Stored data |
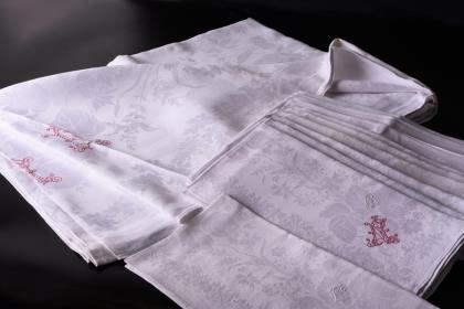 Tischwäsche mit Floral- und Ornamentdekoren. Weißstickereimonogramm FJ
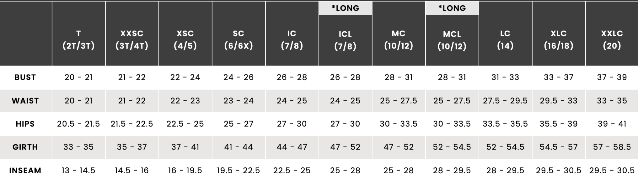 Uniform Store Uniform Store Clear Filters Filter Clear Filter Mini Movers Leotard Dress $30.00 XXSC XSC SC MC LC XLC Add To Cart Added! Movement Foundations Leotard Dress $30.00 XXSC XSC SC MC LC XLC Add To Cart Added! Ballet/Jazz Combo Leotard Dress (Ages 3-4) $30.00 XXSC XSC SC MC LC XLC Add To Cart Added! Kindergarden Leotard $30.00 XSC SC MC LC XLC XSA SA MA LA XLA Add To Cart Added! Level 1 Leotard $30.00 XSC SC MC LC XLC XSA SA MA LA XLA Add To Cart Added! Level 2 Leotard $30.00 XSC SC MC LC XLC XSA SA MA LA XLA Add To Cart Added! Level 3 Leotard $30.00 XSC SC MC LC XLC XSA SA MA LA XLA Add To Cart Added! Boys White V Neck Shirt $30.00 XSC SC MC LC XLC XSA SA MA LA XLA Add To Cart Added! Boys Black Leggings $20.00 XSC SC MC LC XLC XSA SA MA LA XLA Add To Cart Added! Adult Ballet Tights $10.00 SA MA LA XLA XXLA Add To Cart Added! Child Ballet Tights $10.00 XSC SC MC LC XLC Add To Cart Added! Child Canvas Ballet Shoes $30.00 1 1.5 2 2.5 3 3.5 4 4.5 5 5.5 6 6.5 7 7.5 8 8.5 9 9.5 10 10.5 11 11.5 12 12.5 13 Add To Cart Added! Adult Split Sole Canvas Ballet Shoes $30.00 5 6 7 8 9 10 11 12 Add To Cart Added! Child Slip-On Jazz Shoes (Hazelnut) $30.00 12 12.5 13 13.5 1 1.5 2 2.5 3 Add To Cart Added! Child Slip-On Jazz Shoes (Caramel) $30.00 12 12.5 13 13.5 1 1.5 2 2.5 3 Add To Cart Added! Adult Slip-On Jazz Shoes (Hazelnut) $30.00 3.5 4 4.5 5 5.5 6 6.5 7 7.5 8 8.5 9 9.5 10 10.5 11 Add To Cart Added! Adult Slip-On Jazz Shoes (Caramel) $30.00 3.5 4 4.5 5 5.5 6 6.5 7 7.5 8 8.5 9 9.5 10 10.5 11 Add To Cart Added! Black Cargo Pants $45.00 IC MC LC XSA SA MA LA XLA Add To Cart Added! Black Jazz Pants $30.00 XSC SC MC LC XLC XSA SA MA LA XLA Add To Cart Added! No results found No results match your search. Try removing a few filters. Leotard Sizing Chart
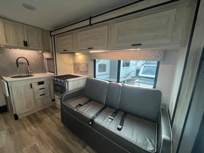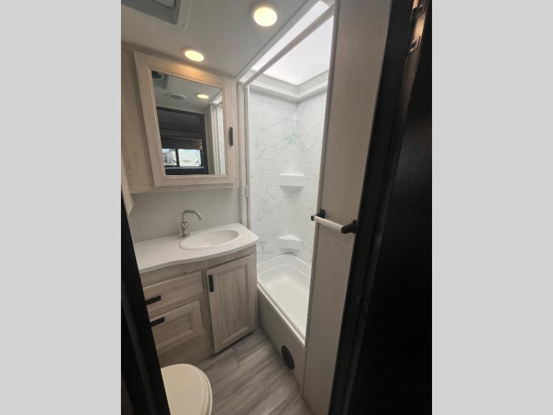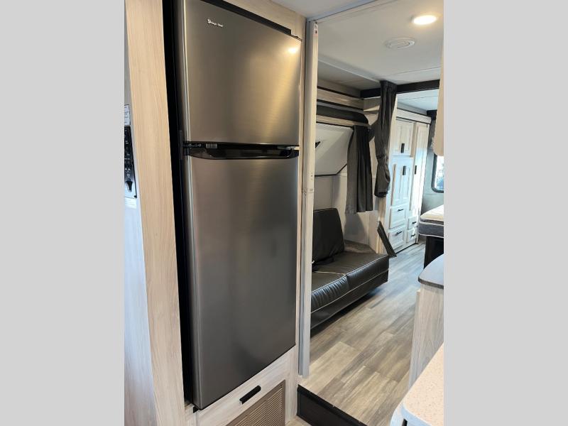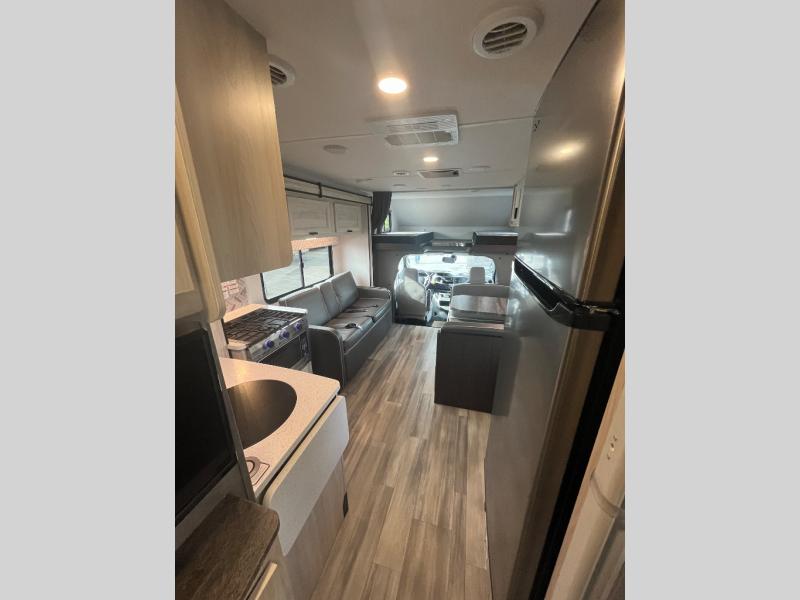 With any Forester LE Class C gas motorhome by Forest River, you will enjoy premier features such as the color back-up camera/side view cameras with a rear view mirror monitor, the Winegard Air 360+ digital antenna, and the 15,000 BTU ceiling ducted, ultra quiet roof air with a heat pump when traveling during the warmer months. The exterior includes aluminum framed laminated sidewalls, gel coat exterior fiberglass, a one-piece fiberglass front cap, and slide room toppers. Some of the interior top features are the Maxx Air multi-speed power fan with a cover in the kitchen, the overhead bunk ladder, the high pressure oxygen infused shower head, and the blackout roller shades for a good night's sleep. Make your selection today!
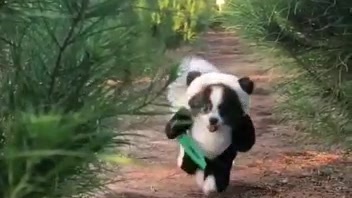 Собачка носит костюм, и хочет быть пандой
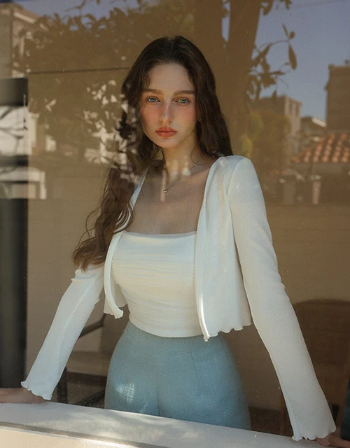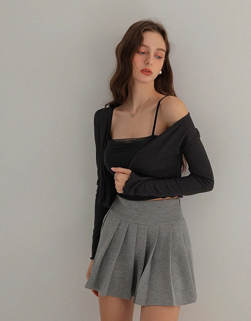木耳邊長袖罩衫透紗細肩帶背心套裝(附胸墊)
---
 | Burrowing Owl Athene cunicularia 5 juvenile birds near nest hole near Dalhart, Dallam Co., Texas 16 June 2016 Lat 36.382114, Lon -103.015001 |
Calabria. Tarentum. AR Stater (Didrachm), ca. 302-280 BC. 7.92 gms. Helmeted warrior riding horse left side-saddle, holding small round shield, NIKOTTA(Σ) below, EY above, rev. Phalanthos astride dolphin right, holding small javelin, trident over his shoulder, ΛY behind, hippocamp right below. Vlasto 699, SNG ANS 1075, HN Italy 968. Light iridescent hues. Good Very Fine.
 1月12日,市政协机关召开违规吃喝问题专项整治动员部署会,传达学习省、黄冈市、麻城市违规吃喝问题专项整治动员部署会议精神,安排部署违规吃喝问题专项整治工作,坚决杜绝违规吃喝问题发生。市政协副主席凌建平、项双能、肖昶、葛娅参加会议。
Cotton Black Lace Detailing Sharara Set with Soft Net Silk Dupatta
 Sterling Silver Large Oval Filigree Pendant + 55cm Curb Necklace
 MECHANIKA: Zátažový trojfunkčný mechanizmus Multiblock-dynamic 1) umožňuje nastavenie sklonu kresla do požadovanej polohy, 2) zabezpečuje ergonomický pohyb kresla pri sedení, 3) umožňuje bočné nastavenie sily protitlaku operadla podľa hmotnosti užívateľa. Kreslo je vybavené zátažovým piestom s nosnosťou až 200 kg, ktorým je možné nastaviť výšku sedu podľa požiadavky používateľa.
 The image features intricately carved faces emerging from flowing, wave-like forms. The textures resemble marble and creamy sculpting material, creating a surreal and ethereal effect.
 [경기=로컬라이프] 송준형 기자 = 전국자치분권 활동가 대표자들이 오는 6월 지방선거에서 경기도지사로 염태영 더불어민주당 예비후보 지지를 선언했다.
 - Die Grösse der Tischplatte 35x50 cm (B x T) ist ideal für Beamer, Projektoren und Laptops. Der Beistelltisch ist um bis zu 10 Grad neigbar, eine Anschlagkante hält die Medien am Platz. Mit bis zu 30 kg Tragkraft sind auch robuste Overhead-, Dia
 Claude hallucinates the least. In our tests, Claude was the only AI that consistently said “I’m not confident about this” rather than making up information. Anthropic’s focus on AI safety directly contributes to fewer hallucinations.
...
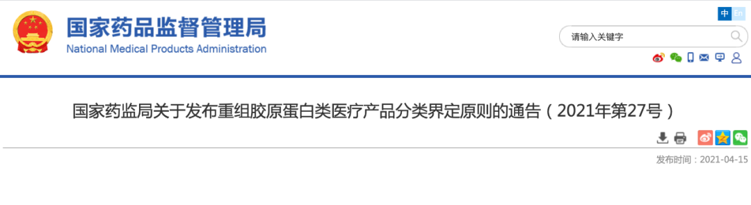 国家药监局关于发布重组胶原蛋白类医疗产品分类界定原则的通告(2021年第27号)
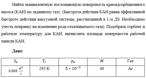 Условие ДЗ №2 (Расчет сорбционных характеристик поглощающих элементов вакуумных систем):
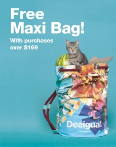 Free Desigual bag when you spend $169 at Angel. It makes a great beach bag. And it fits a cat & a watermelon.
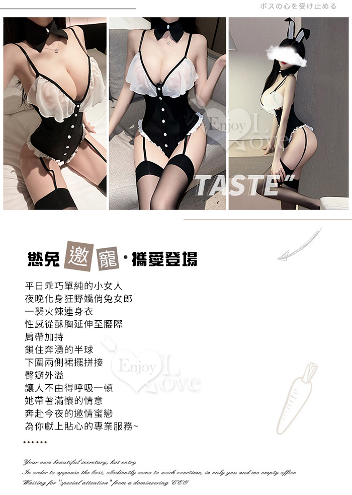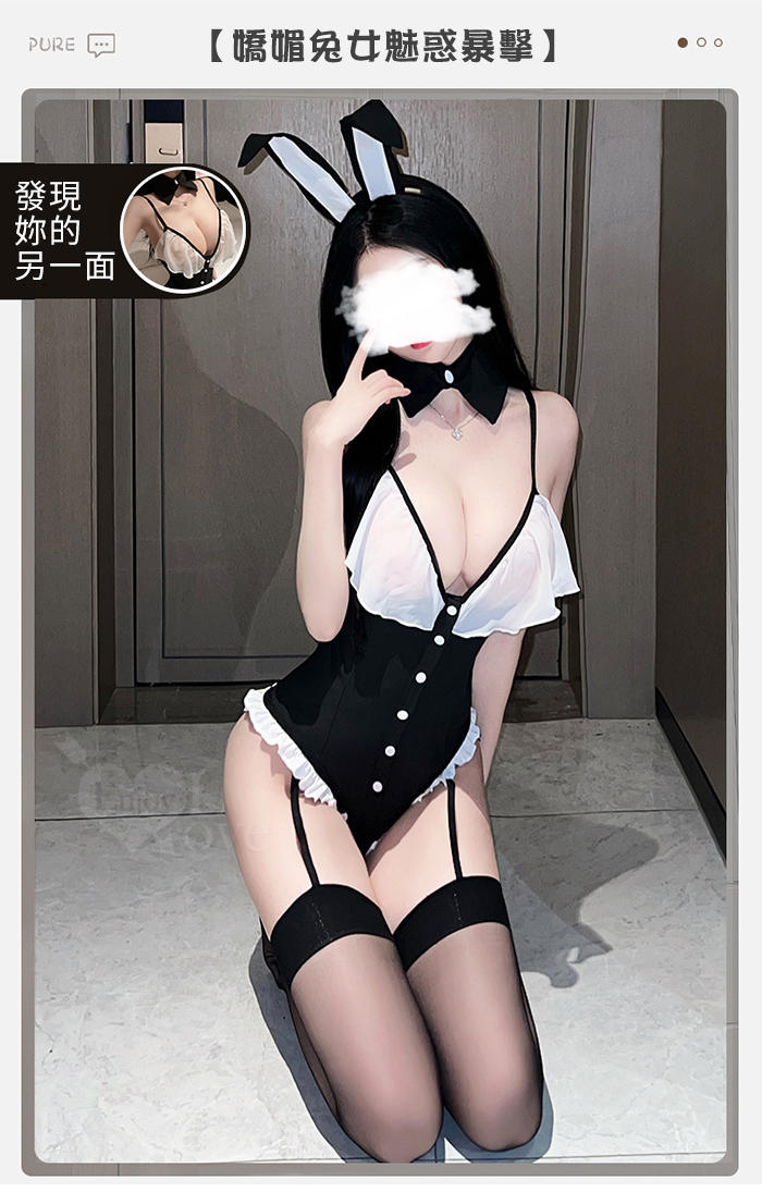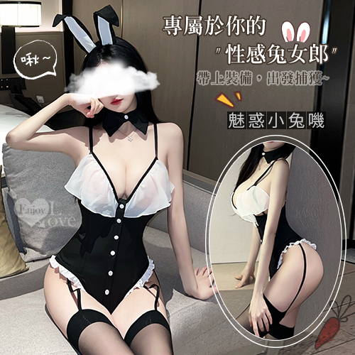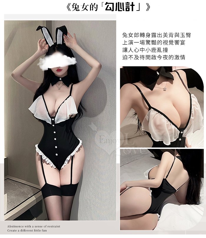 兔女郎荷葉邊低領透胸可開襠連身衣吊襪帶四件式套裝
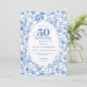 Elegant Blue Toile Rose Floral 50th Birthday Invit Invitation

What is being asked | All lines above from the one containing "The image features" to the one containing "Claude hallucinates the" must be repeated exactly, both lines included, and no others.

Written solution |
 The image features intricately carved faces emerging from flowing, wave-like forms. The textures resemble marble and creamy sculpting material, creating a surreal and ethereal effect.
 [경기=로컬라이프] 송준형 기자 = 전국자치분권 활동가 대표자들이 오는 6월 지방선거에서 경기도지사로 염태영 더불어민주당 예비후보 지지를 선언했다.
 - Die Grösse der Tischplatte 35x50 cm (B x T) ist ideal für Beamer, Projektoren und Laptops. Der Beistelltisch ist um bis zu 10 Grad neigbar, eine Anschlagkante hält die Medien am Platz. Mit bis zu 30 kg Tragkraft sind auch robuste Overhead-, Dia
 Claude hallucinates the least. In our tests, Claude was the only AI that consistently said “I’m not confident about this” rather than making up information. Anthropic’s focus on AI safety directly contributes to fewer hallucinations.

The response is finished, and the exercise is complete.